Gatwick Airport is limiting its number of flights this week due to an exceptional shortage of air-traffic controllers, caused partly by Covid infections.
The airport this week imposed a daily 800-flight limit from Monday until Sunday affecting departures and arrivals.
The decision has led to the cancellation of 29 flights on Wednesday, 40 on Thursday, 65 on Friday and 30 next Monday, the London airport said.
Tuesday and Saturday are not scheduled to be affected by the restrictions, which were imposed because 30 per cent of the airport's National Air Traffic Service (Nats) control tower staff are unavailable for a variety of medical reasons, including Covid-19.
A spokeswoman for Gatwick told The National the plan was for flights to be cancelled proportionately between airlines.
But Ryanair said it will not be cancelling any flights and called on the Civil Aviation Authority (CAA) to "immediately intervene" and protect passengers from further disruptions.
The budget airline said in a statement: "Ryanair pays Nats almost €100 million per annum for an ATC service that is repeatedly short staffed and which, on 28th August, collapsed completely causing the cancellation of over 2,000 flights (over 360,000 passengers) and long delays to more than 5,000 flights (900,000 passengers).
"This shambles has been followed with more flight disruptions at Gatwick Airport on six separate occasions over the past four weeks and now Gatwick Airport is imposing a daily cap of 800 flights until Monday 2 Oct and asking airlines to cancel flights, which Ryanair will not be doing."
London Gatwick chief executive Stewart Wingate called the cap “a difficult decision” but said the limit was needed to create “reliable flight programmes” amid continuing work with Nats to “build resilience in the control tower”.

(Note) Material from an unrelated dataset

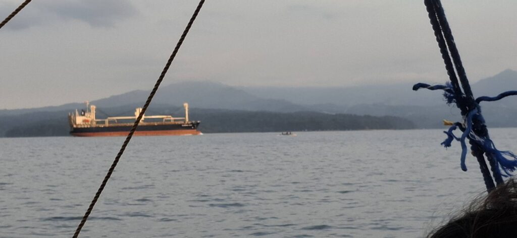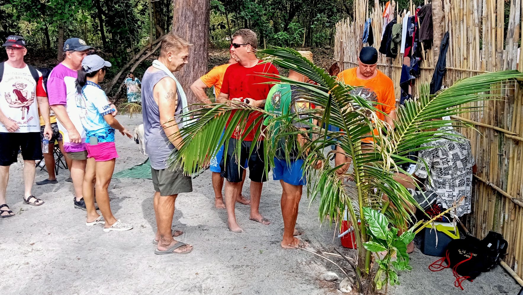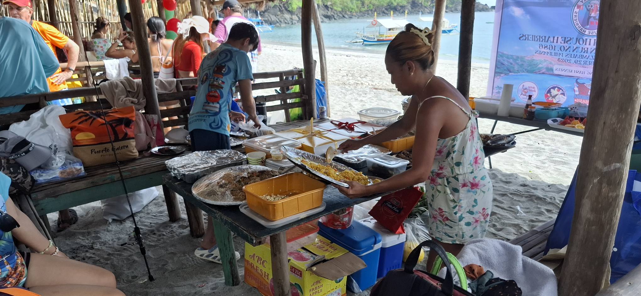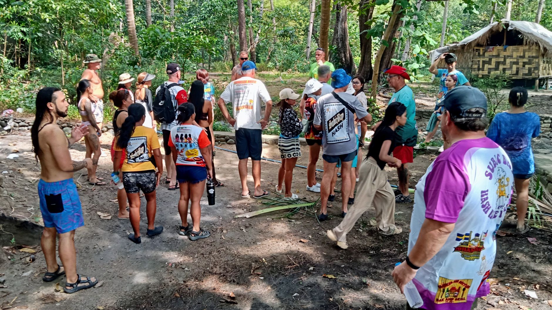 I awoke to hazy skies. Most of it had burned off by the time we arrived in Sampaloc.How much beer will 100+ Hashers consume in the course of the day? Here’s what we brought with us.Gathering on the beach at Treasure Island prior to boarding our banca boats. Loaded up and ready to roll, er, float.See you later, Baloy!Sampaloc here we come!The way ahead.My boat mates.The Philippine Navy has a shipyard on the bay.Hyundai is now running the former Hanjin shipyard.Sampaloc Cove is just around that peninsula point in the bay.I was intrigued by these dwellings on the hillside: no road access and no beach for a boat landing. However you get there, it must make for a hard life.The lighthouse where the bay meets the sea.Goodbye Subic Bay and hello South China Sea!And up ahead is the cove they call Sampaloc.Our venue for the Hash Outstation awaits.Disembarking on the sands of Sampaloc.More boats on the cove.Let’s do this!Lining up to pay the Hash fees. 800 pesos per head for all-you-can-eat, drink, and be merry.Hanging out waiting for something else to do.Gathering for the Hare’s guidance regarding the Hash trail.And we are On-On!Heading for the good kind of falls.Some nice scenery along the way……no ifs, ands, or butts about it.The waterhole at the top of the trail.There was a nice rockslide into this pool, although I chose not to partake.Fun in the sun.A house in the middle of nowhere.Smoke signals.Why did this chicken cross my path?Perhaps the shortest Hash trail in history.Chillin’ after the hike.A view from my perch.Killin’ time.Setting up the food table.There’s something fishy going on here.Still hanging out in the shade next to the ice chest. I brought my own San Miguel Zero since the Hash couldn’t find any for sale in town.The Hash Gash doing their thing.I was getting bored, and Pubic Head joined me for a beach walk.It’s a whole other world living out here in isolation.Some of the kids we bestowed with cookies and lollipops.Finally, it was time to do the Hash Circle.Having our usual block of ice was not logistically feasible, so we resorted to what the La Union Hash calls a “bucket brigade” and doused the victims with water. I definitely prefer the ice!When the time came to board our boats for the trip back home, I was more than ready to go. Cums Alone got in a quick swim before we departed.Meanwhile, the locals were jumping off rocks.The drunken boat ride back to Baloy.But at least we all made it back alive.A race with the sun on our return journey.A ship heading out to sea.The sun won, and we deboarded in the dark.

Passengers took to social media overnight to complain, with one saying they had suffered a delay after landing due to “Gatwick staff not opening doors”.
Others said their flights had been affected by repeated delays.
“Going out to Tenerife – four-hour delay and then plane cancelled while sitting on the plane, next day three-hour delay! Way back sat on the run away for two hours then took off then finally off plane gone 2am! Not impressed @Gatwick_Airport,” wrote the passenger.
“This has been a difficult decision but the action we have taken today means our airlines can fly reliable flight programmes, which gives passengers more certainty that they will not face last-minute cancellations,” Mr Wingate said.
“We are working closely with Nats to build resilience in the control tower and this decision means we can prevent as much disruptions as possible.
“London Gatwick would like to apologise to any passengers who have been impacted by these restrictions.”
Gatwick Airport through the years – in pictures
Nats apologised to passengers but said a variety of medical reasons meant “we cannot manage the number of flights that were originally planned for this week”.
“We have worked very closely with Gatwick airport throughout,” it said in a statement. "Given the levels of sickness we have experienced over the last few weeks we believe it is the responsible thing to do to limit the number of flights this week in order to reduce the risk of daily disruption to passengers using the airport.
“Our operational resilience in the tower will improve as our staff return to work and we move out of the summer schedule, which is particularly busy at Gatwick.
“We continue to train additional air-traffic controllers and expect another group to qualify to work in the tower over the coming months, ready for next summer.
“Even an experienced air-traffic controller takes at least nine months to qualify at Gatwick and very few are able to do so, as Gatwick is such a busy and complex air-traffic environment.”
About 1,500 flights serving airports across the UK were cancelled, with many others delayed, on August 28, a bank holiday and one of the busiest travel days of the year.
An initial inquiry by Nats found the problem was caused by its system failing to process a flight plan correctly.
“While it is regrettable that a temporary limit on capacity at Gatwick Airport is required, we believe that it is the right action by the airport so on the day cancellations and delays can be avoided,” said Johan Lundgren, chief executive of easyJet.
“Gatwick Airport and Nats now need to work on a longer-term plan so the resilience of ATC [air-traffic control] at Gatwick is improved and fit for purpose.
“Our call for a more wide-ranging review of Nats remains so the broader issues can be examined so it can deliver robust services to passengers now and in the future.”
A spokesman for the easyJet, which apologised for any inconvenience that was outside of its control, said affected passengers would be contacted as soon as possible and may be able to rebook or get a refund.